Les autorités sanitaires françaises se sont prononcées ce mardi 1er février 2022 pour expérimenter à une échelle limitée le dépistage du cancer du poumon chez les fumeurs.

Dr Anne Sikorav
Rédigé le , mis à jour le
Shutterstock

80 % des cancers du poumon sont attribuables au tabac, alertent les pneumologues depuis des années. Et le message est enfin passé : la Haute Autorité de Santé entrouvre la voie à un dépistage généralisé chez les fumeurs.   

Un "programme pilote" de dépistage

La HAS n'envisage pas à ce jour un vaste programme de dépistage, mais admet l'intérêt d'une expérimentation sur le sujet.  Elle souhaite lancer  "dès maintenant l'engagement d'un programme pilote", note l’instance dans un avis

L'état des connaissances est encore incomplet pour la mise en place d'un programme de dépistage systématique et organisé - Haute Autorité de Santé 

La HAS auparavant opposée ce dépistage

Dans son dernier avis en 2016, la HAS s'était opposée à un dépistage organisé par scanner du cancer du poumon.

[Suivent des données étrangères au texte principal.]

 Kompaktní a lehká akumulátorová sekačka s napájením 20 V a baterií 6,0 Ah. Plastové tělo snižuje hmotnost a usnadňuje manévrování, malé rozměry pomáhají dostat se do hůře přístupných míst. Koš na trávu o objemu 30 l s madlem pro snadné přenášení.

Pourquoi ? Car le dépistage organisé présente aussi des risques en matière de santé publique. Les autorités craignent essentiellement un risque de "sur-diagnostic": repérer des tumeurs qui n'évolueraient de toute façon pas en cancer et, en conséquence, imposer des traitements lourds et inutiles au patient. 

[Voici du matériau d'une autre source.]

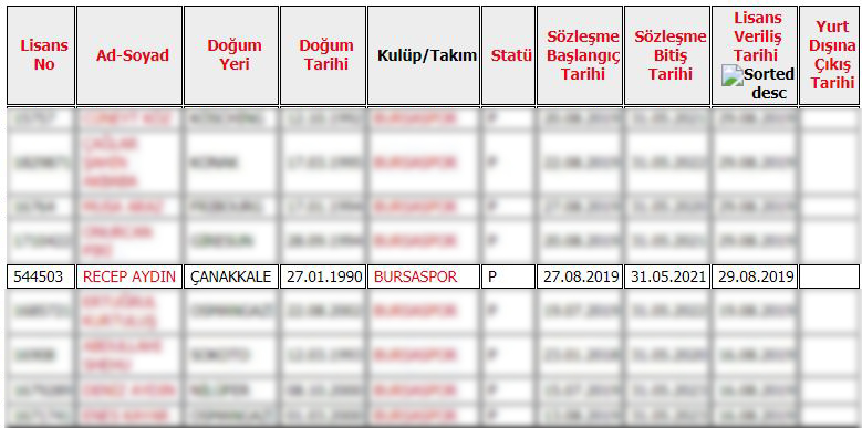 Bursaspor Kulübü, Türkiye futbol Federasyonu‘na orta saha oyuncusu Recep Aydın‘ın sözleşmesini iletti ve lisansını çıkarttı. 29 yaşındaki oyuncu geçtiğimiz sezon Ümraniyespor‘da kiralık olarak forma giyerken 26 maçta 5 gol ve 4 asistlik performans sergiledi.

Cette prise de position de la HAS allait à l’encontre des recommandations de nombreux pneumologues, cancérologues et radiologues, qui plaident pour un dépistage organisé du cancer du poumon chez les fumeurs.  

Des études en faveur d’un dépistage

Plusieurs études, dont les grands essais "NLST" et "NELSON", ont été publiées sur l'intérêt du dépistage chez les fumeurs. Et les résultats de ces études ont conduit la HAS à actualiser son avis sur le sujet.

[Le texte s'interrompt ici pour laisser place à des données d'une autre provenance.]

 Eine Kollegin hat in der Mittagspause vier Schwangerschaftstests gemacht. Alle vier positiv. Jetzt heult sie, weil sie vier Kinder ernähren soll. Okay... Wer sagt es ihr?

Le dépistage par scanner à faible dose chez les personnes fortement exposées au tabac conduit à une réduction de la mortalité spécifique- Haute Autorité de Santé

Un cancer du poumon détecté tôt a des chances de guérison bien meilleures que s'il est repéré à un stade avancé, et le risque de mortalité est aussi diminué d’environ 20 % grâce au dépistage par scanner thoracique à faible dose. 

Cancer du poumon : une chirurgie de précision  —  Magazine de la Santé

L'INCa au coeur du futur dispositif

Quel type de fumeur sera ciblé ? Quelle seront les modalités d'examens ? Ces questions restent à ce jour en suspens. 

La HAS appelle à déléguer ce programme pilote et des études complémentaires en vie réelle à l'Institut National du Cancer (INCa).

"Des expérimentations françaises d'envergure sont nécessaires pour permettre de répondre aux différents points en suspens et statuer sur les modalités de dépistage les plus adaptées au système français", conclut la HAS.